MATERIAL SUPPLIED START

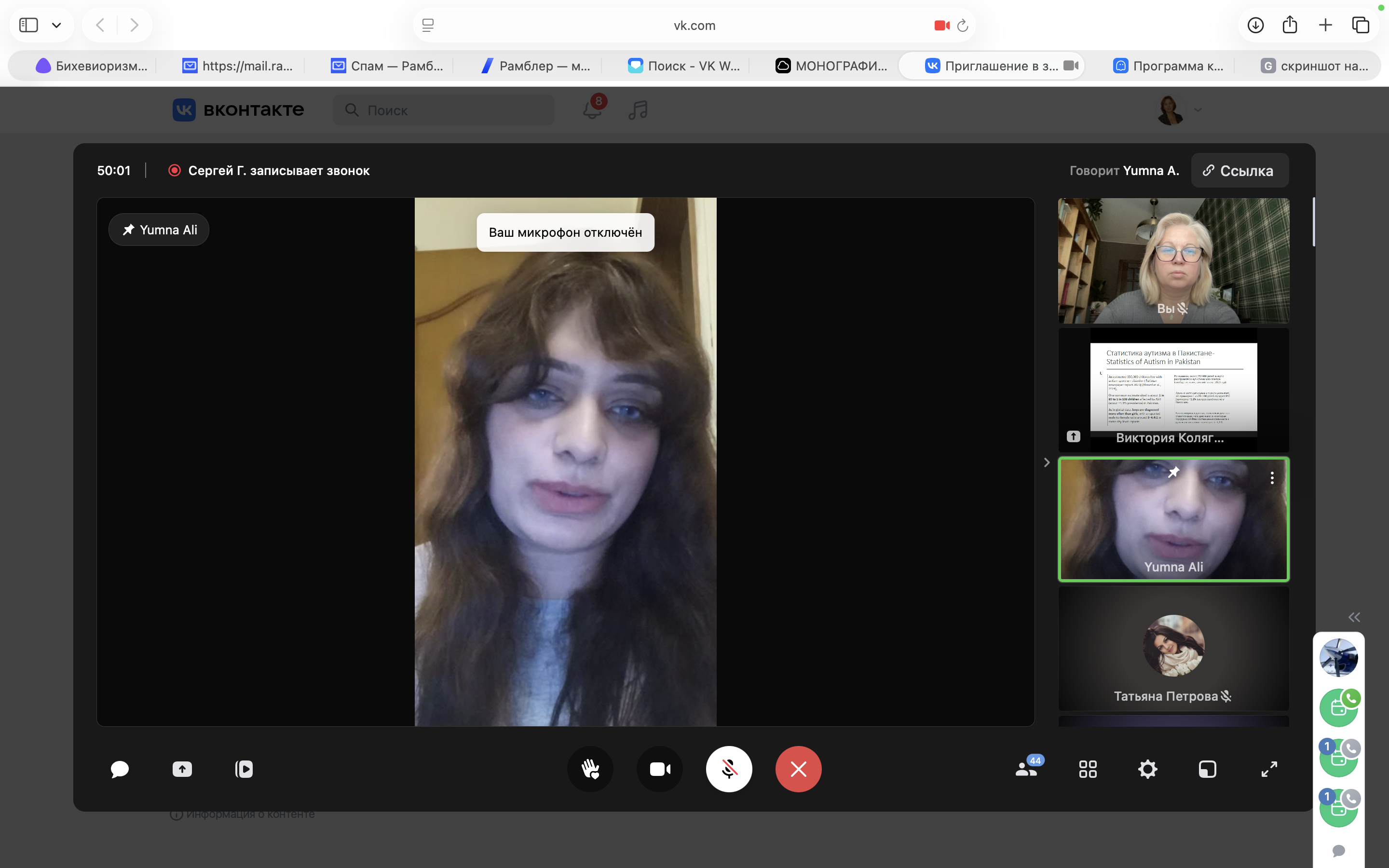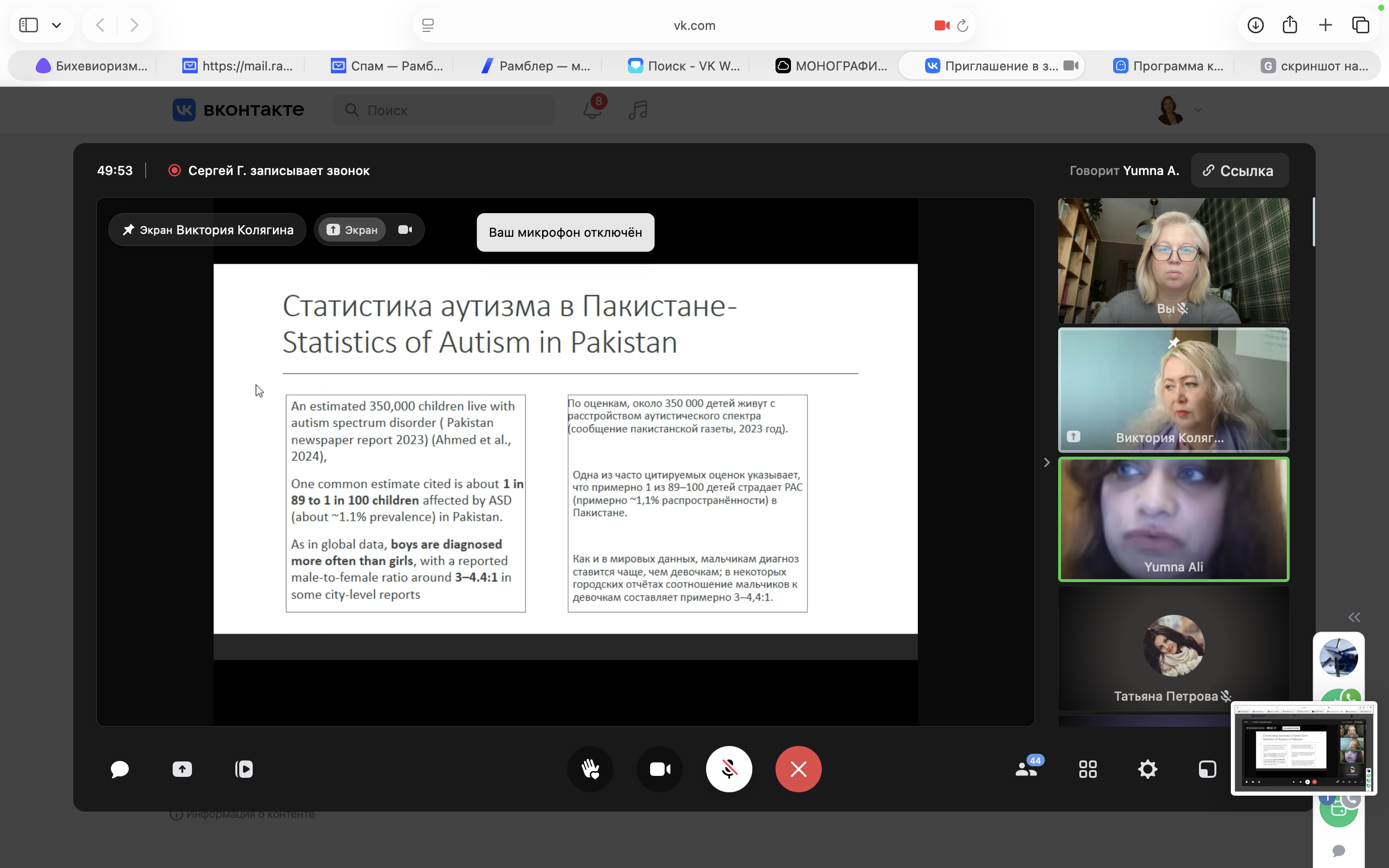 Иностранные коллеги представили свои научные наработки в формате онлайн докладов. Представитель Хазарского университета, кандидат психологических наук, преподаватель и исследователь психологии Юмна Али (Yumna Ali) (Пакистан, Хазар) в описательном исследовании проанализировала ситуацию с аутизмом в Пакистане.
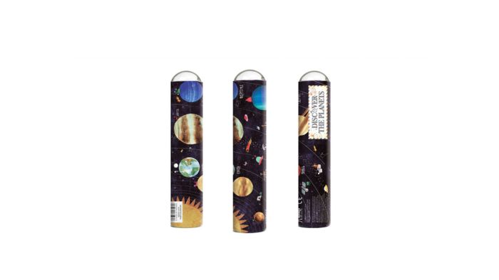 Flot rumtematiseret kalejdoskop, fremstillet i pap og glas.
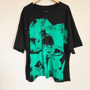 Black t-shirt featuring photo of Taylor Swift and feather mosaic design oversized print in green on front.
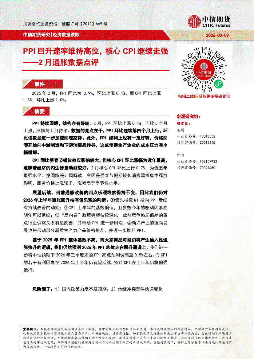 中信期货-2月通胀数据点评:PPI回升速率维持高位,核心CPI继续走强-260309
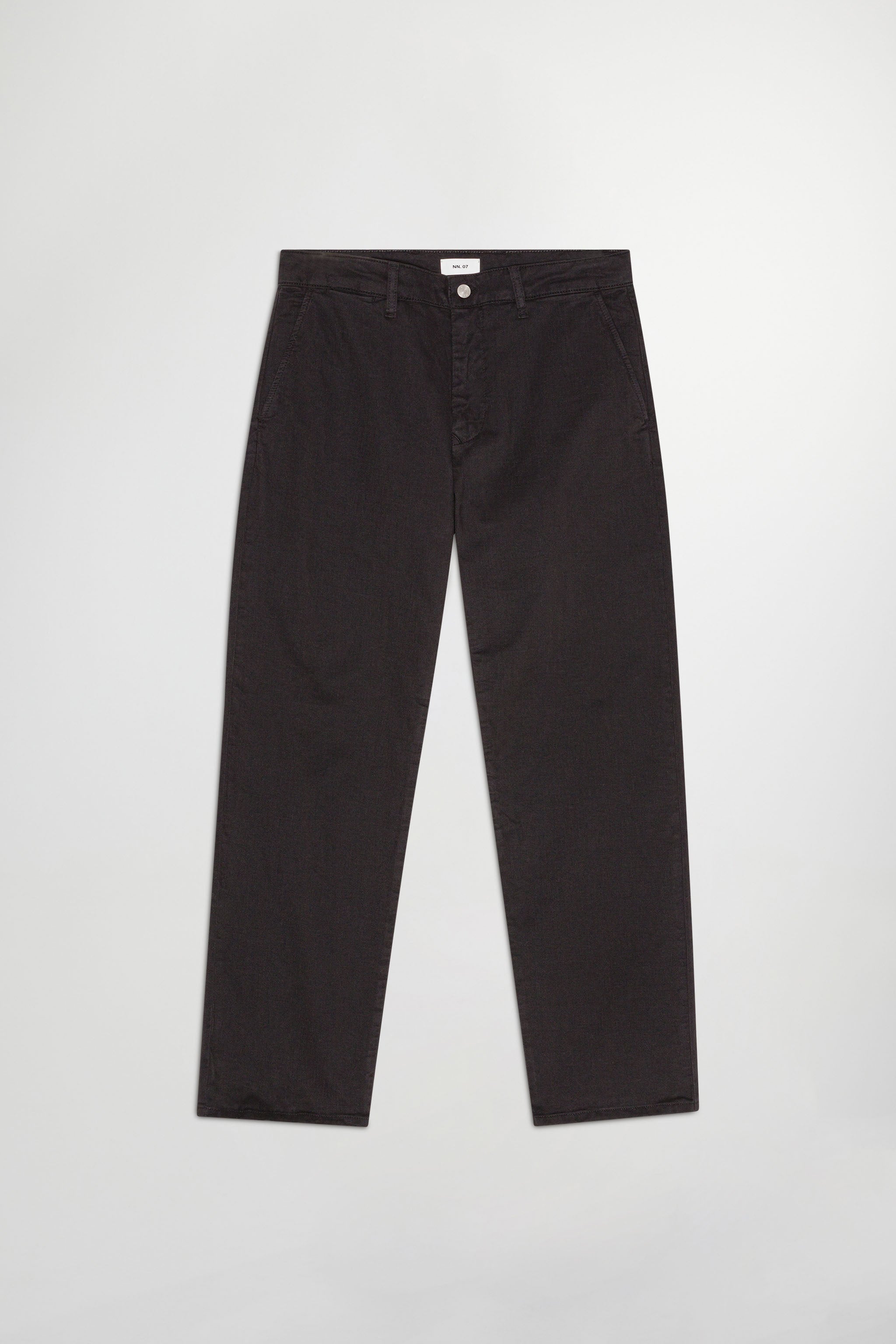 These NN07 Aden 1923 chinos in black offer a perfect balance of style and functionality, crafted from a 305 g/m² organic cotton blend that feels soft against the skin with a subtle peachy texture. The regular fit and straight leg design provide a timeless silhouette suitable for a variety of occasions, while the added comfort stretch ensures ease of movement throughout the day. Durable yet breathable, they support sustainable fashion choices without compromising on comfort or elegance, making them an essential wardrobe staple for the modern man.
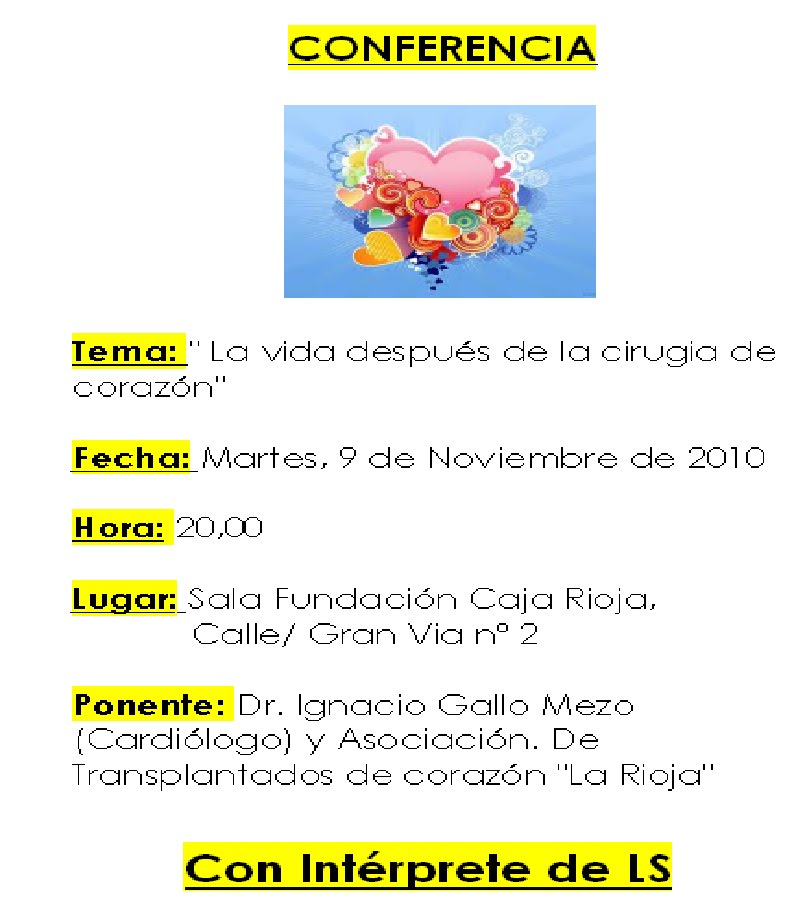 131. CONFERENCIA "LA VIDA DESPUÉS DE LA CIRUGÍA DE CORAZÓN" Publicado por A.S.R. el octubre 30, 2010 Obtener enlace Facebook X Pinterest Correo electrónico Otras aplicaciones
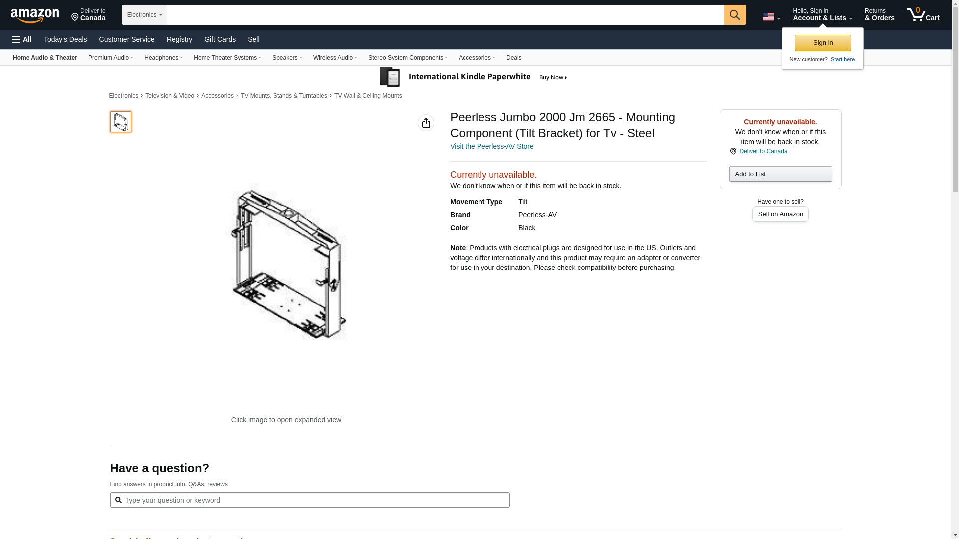 Peerless Jumbo 2000 Jm 2665 - Mounting Component (Tilt Bracket) for Tv - Steel
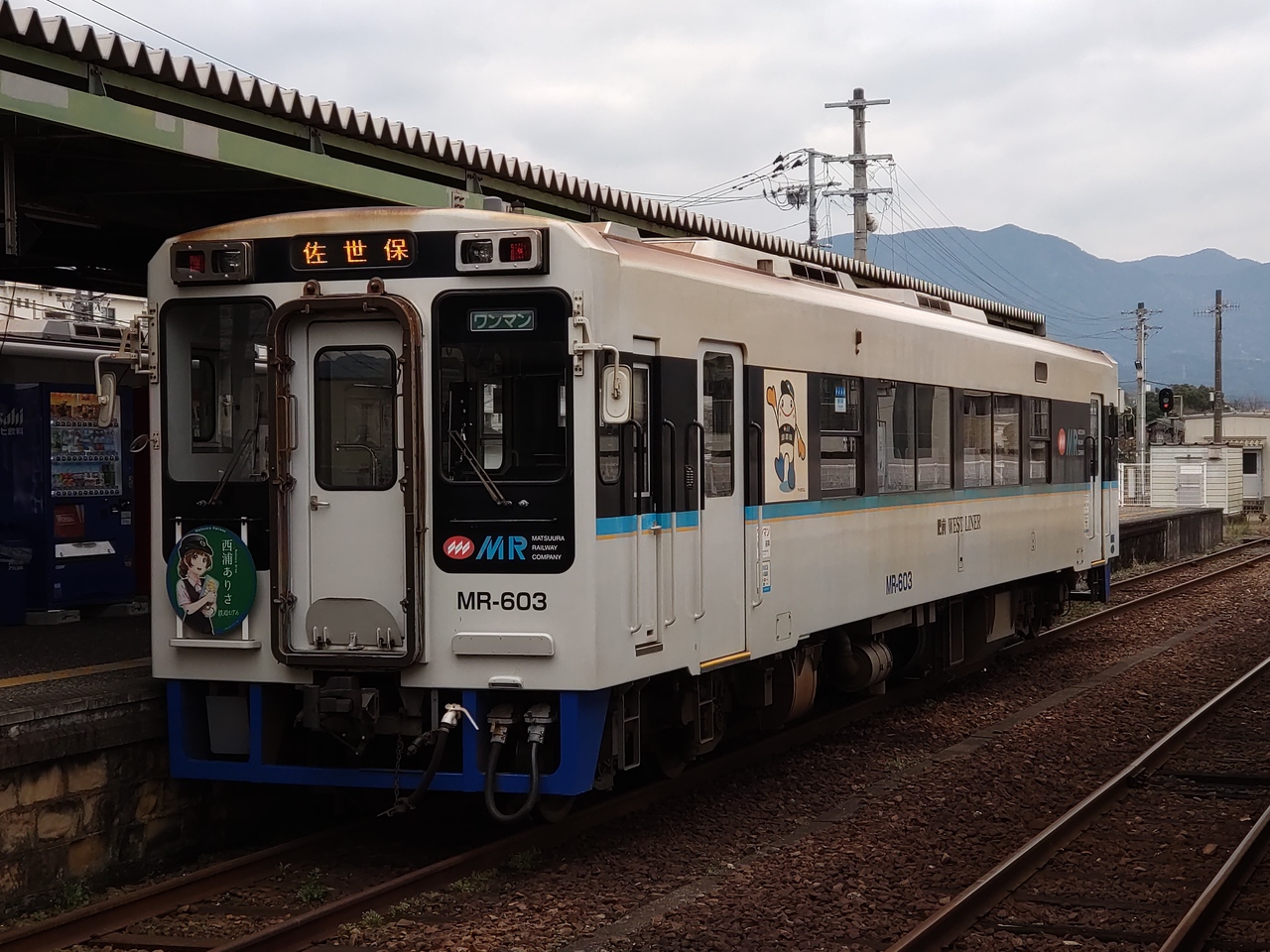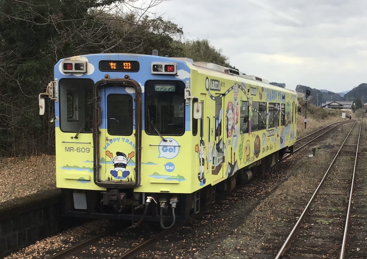 現在、全線を直通する列車はなく、伊万里で分かれています。有田~伊万里間には朝夕は1時間に2、3本、そのほかの時間帯は1~2本。途中の折り返し列車はありません。伊万里~佐世保間のうち佐々~佐世保間は1時間に2本の高頻度で運転されており、下りは朝4本、上りは朝3本、夜1本の快速も運転されていますが、佐々~たびら平戸口~伊万里間は1時間に1本程度の運転となっています。伊万里から佐世保間は2時間30分、有田から伊万里まで30分程度かかるので概ね3時間とかなりの時間がかかる路線でもあります。

MATERIAL SUPPLIED END

## PROMPT
Please write out exactly, and only, the lines from the beginning of the entries through the line containing "Flot rumtematiseret kalejdoskop, fremstillet", including both and skipping all pictures.

## RESPONSE FOR THIS EXERCISE
 Иностранные коллеги представили свои научные наработки в формате онлайн докладов. Представитель Хазарского университета, кандидат психологических наук, преподаватель и исследователь психологии Юмна Али (Yumna Ali) (Пакистан, Хазар) в описательном исследовании проанализировала ситуацию с аутизмом в Пакистане.
 Flot rumtematiseret kalejdoskop, fremstillet i pap og glas.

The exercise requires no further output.